Exact Leader Estimation: A New Approach for Distributed Differentiation
Rodrigo Aldana-Lopez, David Gomez-Gutierrez, Elio Usai, Hernan Haimovich
TL;DR
The paper solves the distributed leader-observer problem by introducing a homogeneous, Levant-inspired differentiator that enables each follower to estimate the leader's state and its derivatives up to order $m$ using only scalar neighbor outputs, even when the leader's identity is unknown and the leader is driven by a bounded input with unknown higher-order derivative. It proves finite-time, exact convergence in the noise-free continuous-time setting, and extends the framework to bounded measurement noise and sampled-data communication, providing explicit steady-state error bounds that scale homogeneously with the noise level. Gains are designed either explicitly for $m=1$ or recursively via a Redundant Exponential Differentiator (RED) style approach for $m>1$, ensuring contraction of the error dynamics. Numerical results for second- and high-order cases validate finite-time tracking of the leader signal and its derivatives, and demonstrate robustness to measurement noise and discretization. The approach reduces communication load by exchanging only scalar observer outputs while guaranteeing accurate leader differentiation, with practical implications for formation control and multi-agent coordination.
Abstract
A novel strategy aimed at cooperatively differentiating a signal among multiple interacting agents is introduced, where none of the agents needs to know which agent is the leader, i.e. the one producing the signal to be differentiated. Every agent communicates only a scalar variable to its neighbors; except for the leader, all agents execute the same algorithm.
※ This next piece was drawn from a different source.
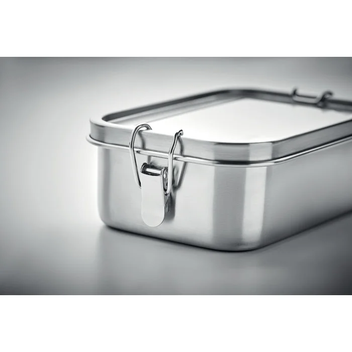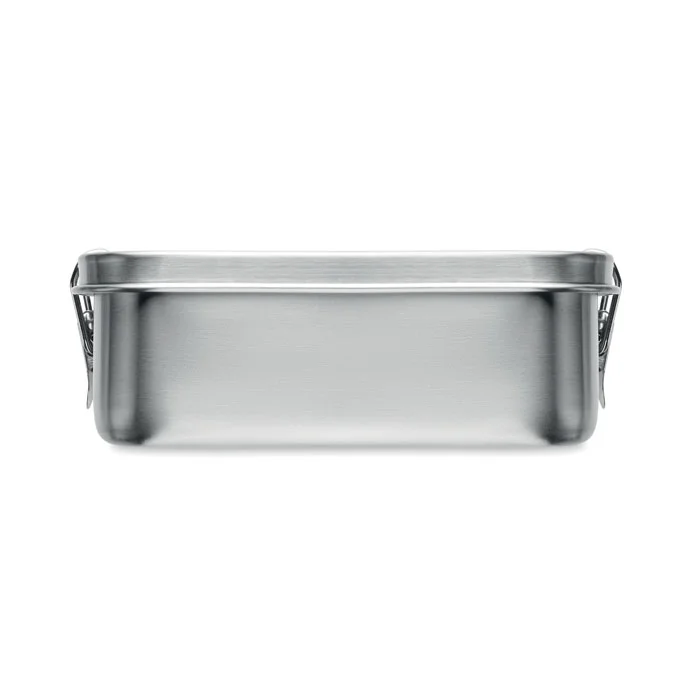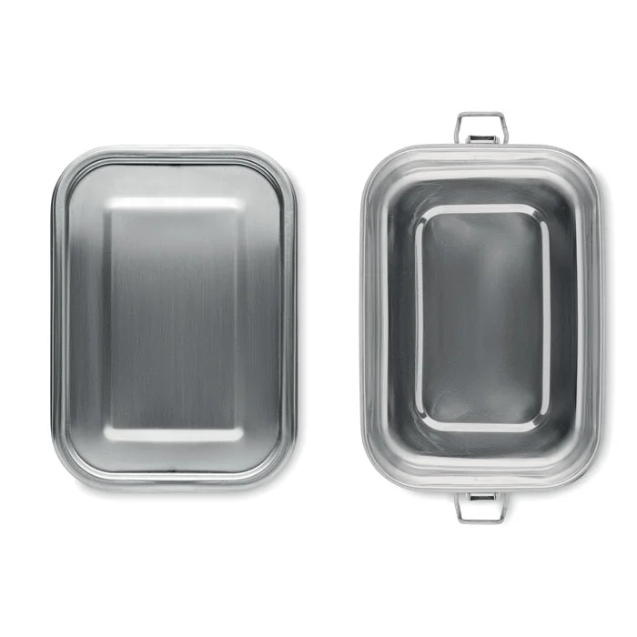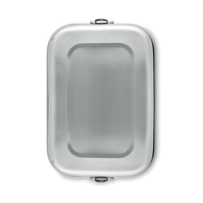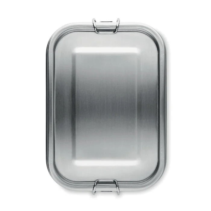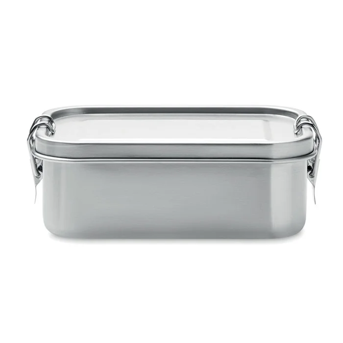 Ланчбокс из переработанной нержавеющей стали 90% и 10% нержавеющей стали с надежными боковыми застежками и скругленными углами. Объем: 750 мл.

The proposed strategy can effectively obtain derivatives up to arbitrary $m$-th order in a finite time under the assumption that the $(m+1)$-th derivative is bounded. The strategy borrows some of its structure from the celebrated homogeneous robust exact differentiator by A. Levant, inheriting its exact differentiation capability and robustness to measurement noise. Hence, the proposed strategy can be said to perform robust exact distributed differentiation. In addition, and for the first time in the distributed leader-observer literature, sampled-data communication and bounded measurement noise are considered, and corresponding steady-state worst-case accuracy bounds are derived. The effectiveness of the proposed strategy is verified numerically for second- and fourth-order systems, i.e., for estimating derivatives of up to first and third order, respectively.